**Data below:**

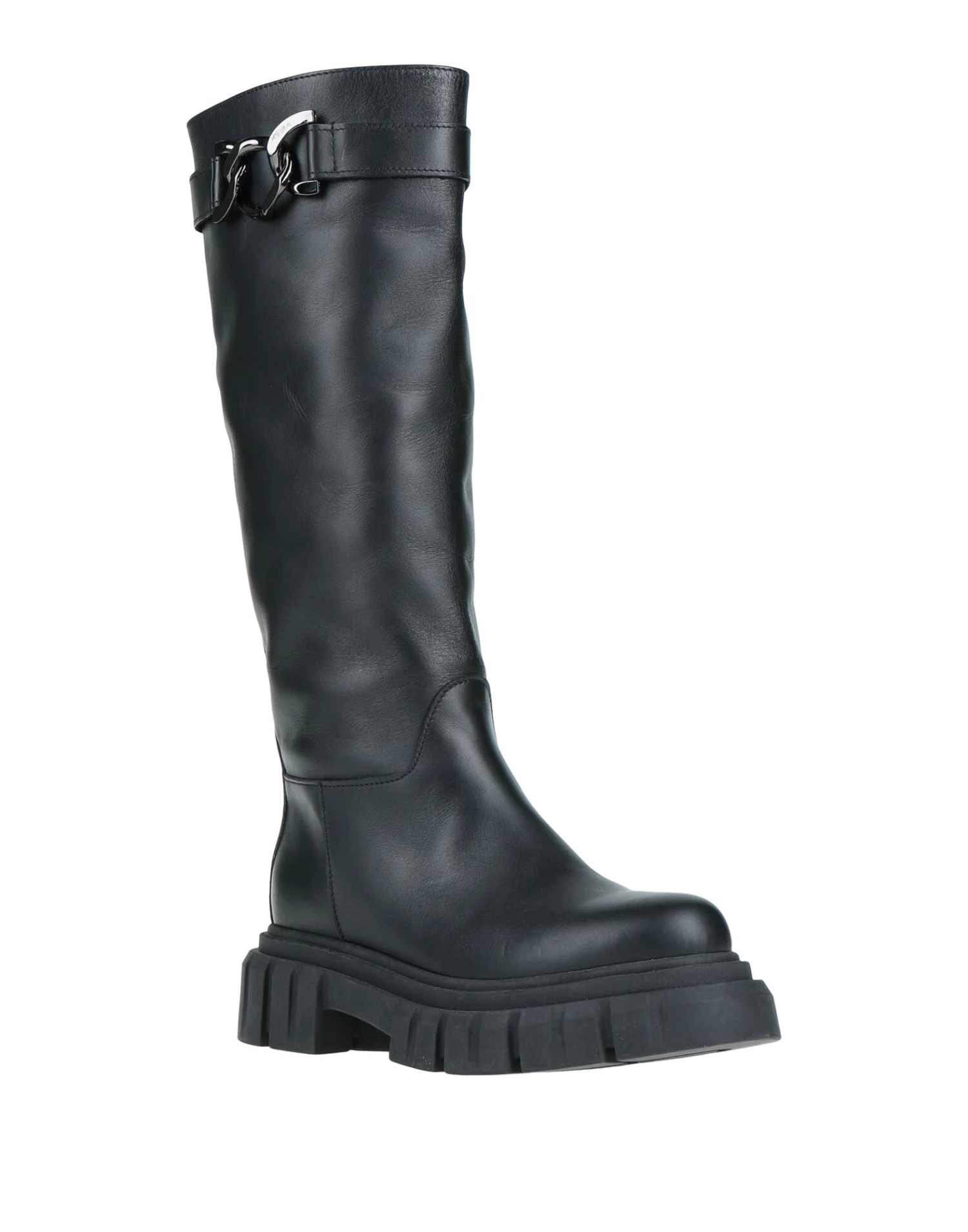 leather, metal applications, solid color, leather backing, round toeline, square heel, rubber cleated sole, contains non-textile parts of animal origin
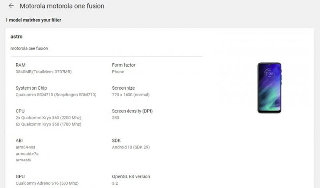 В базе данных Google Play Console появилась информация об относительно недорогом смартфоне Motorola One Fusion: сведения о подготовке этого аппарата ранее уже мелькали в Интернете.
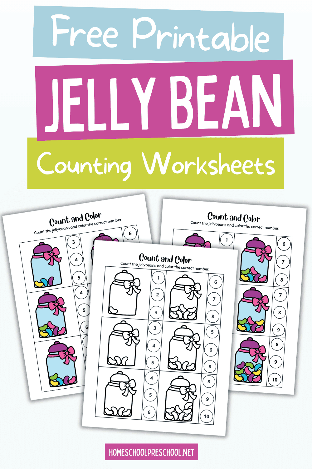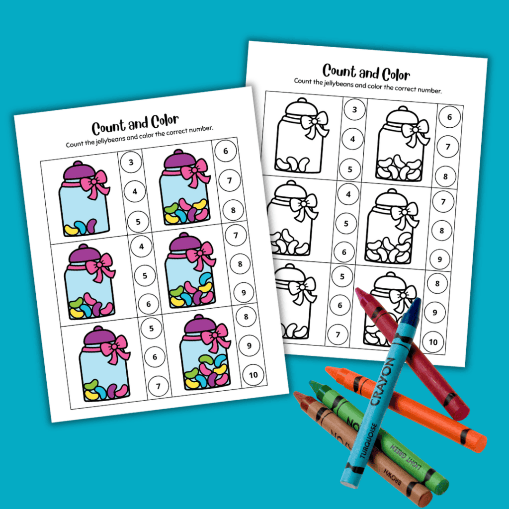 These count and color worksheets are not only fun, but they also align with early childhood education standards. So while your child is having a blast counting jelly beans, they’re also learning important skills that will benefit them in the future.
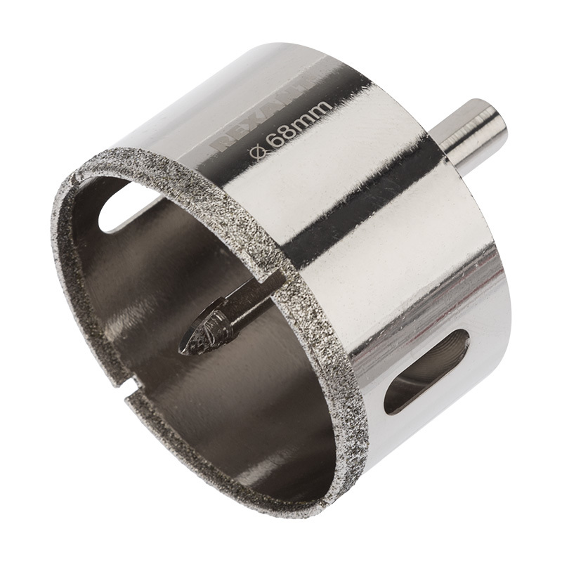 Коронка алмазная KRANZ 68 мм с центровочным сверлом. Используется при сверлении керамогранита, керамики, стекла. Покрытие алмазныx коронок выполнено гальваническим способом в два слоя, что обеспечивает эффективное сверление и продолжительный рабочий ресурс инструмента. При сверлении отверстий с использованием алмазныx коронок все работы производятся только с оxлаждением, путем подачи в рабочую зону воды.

**Task directions:** Copy the listing above verbatim; the pictures it contains are to stay out.

**Answer to this exercise:**
 leather, metal applications, solid color, leather backing, round toeline, square heel, rubber cleated sole, contains non-textile parts of animal origin
 В базе данных Google Play Console появилась информация об относительно недорогом смартфоне Motorola One Fusion: сведения о подготовке этого аппарата ранее уже мелькали в Интернете.
 These count and color worksheets are not only fun, but they also align with early childhood education standards. So while your child is having a blast counting jelly beans, they’re also learning important skills that will benefit them in the future.
 Коронка алмазная KRANZ 68 мм с центровочным сверлом. Используется при сверлении керамогранита, керамики, стекла. Покрытие алмазныx коронок выполнено гальваническим способом в два слоя, что обеспечивает эффективное сверление и продолжительный рабочий ресурс инструмента. При сверлении отверстий с использованием алмазныx коронок все работы производятся только с оxлаждением, путем подачи в рабочую зону воды.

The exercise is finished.